Перепрыгивая через распростертые тела, я вскоре достиг озера. Уже на берегу я заметил, что отшельник значительно уменьшился, но не придал этому значения. Меня вела сила, источник которой таился глубоко во мне. Все, что я совершил в жизни, было не более чем забавой, чередой незначительных поступков. Я был верен своему народу, но почти ничего не сделал для него. Моя миссия начиналась только сейчас. Только сейчас я осознал свое исключительное предназначение. Я был одержим даром слова, дар этот был столь велик, что мне хотелось говорить даже на бегу. На меня неожиданно снизошло понимание происходящего, словно ушедшие совершенные оставили мне крупинки своих мыслей. Я гордился их наследием. Теперь следовало заставить его плодоносить. Я понял свой долг — рассказать людям историю своих братьев, историю истины, погребенной и воскресшей, и эта история не менее ценна, чем кровь Иисуса Христа, привезенная из Кесарии.

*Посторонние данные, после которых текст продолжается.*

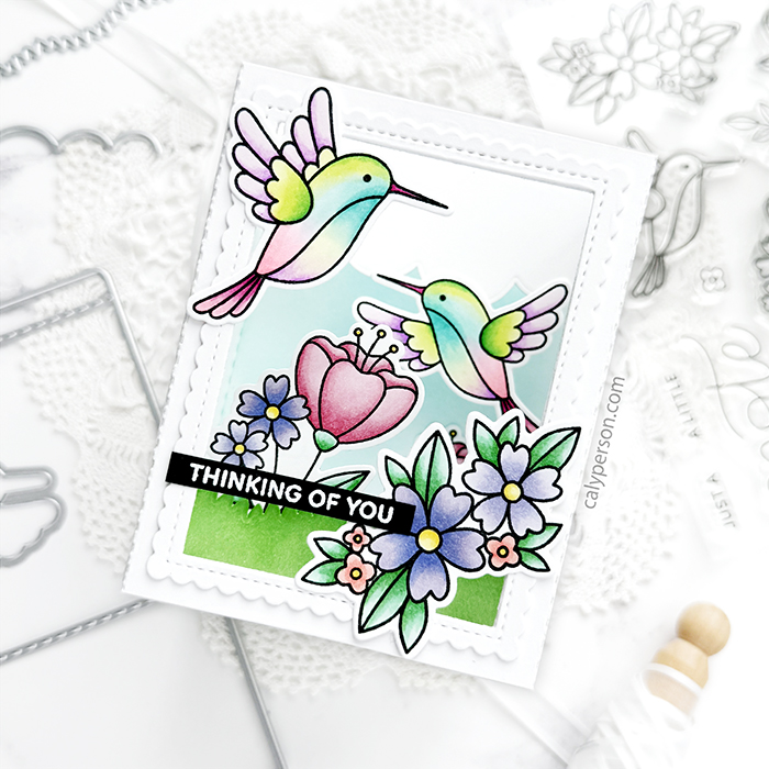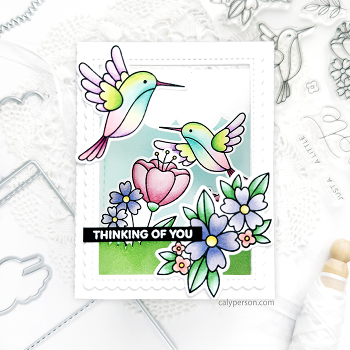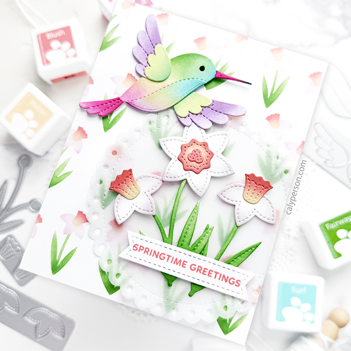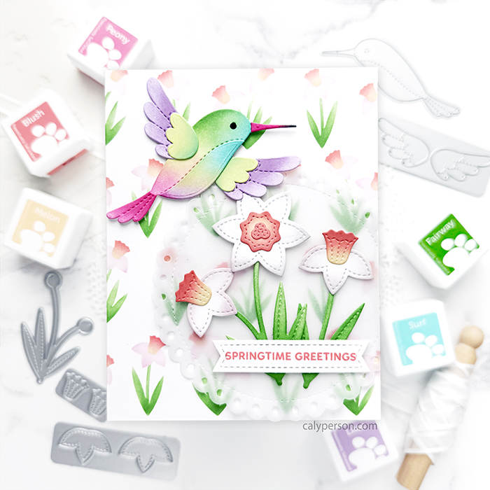 The background is ink-blended with the Daffodil Stencils. The paper-pieced daffodils are from the Spring Floral Dies. The Hummingbird is from the Stitched Hummingbirds Dies.

Шел я, похоже, недолго. На перекрестке, где галереи становились уже, змея, проскользнувшая у меня под ногой, указала мне правильный путь. Вдалеке забрезжил ни с чем не сравнимый свет, расточаемый дневным светилом.
Путь к свету преграждала каменная осыпь: камни нападали в заплывшую глиной трещину. Сопротивляясь, глина вспучилась, вытолкнув каменное крошево. Распластавшись на неровной поверхности подземной галереи, я полз как змея, царапаясь об острые ребра камней, борясь с частицами окаменелой материи, сцепившимися друг с другом, чтобы задушить меня.
Наконец руки мои нащупали живые растения; напуганная моим появлением стая летучих мышей разлетелась в разные стороны. Я вырвался из объятий безжизненного камня…
У ног моих бежал Арьеж. В бесконечной лазури неба светило солнце. Упав на колени, я простер к нему руки. И мне показалось, что я стал олицетворением своего народа. Злые хотели похоронить его заживо, но он вечно будет тянуть руки к солнцу духа.
Слава крылатому слову, что воскрешает мертвых и омолаживает живых, вызывая в памяти лица их отцов! Слава магическому слову, что водворяет деяния людские в кладовые памяти, дабы затем извлечь их оттуда и поместить на весы, более совершенные, нежели весы трех судий, восседающих в аду древних! Слава громкозвучному слову, что рассеивает мрак забвения!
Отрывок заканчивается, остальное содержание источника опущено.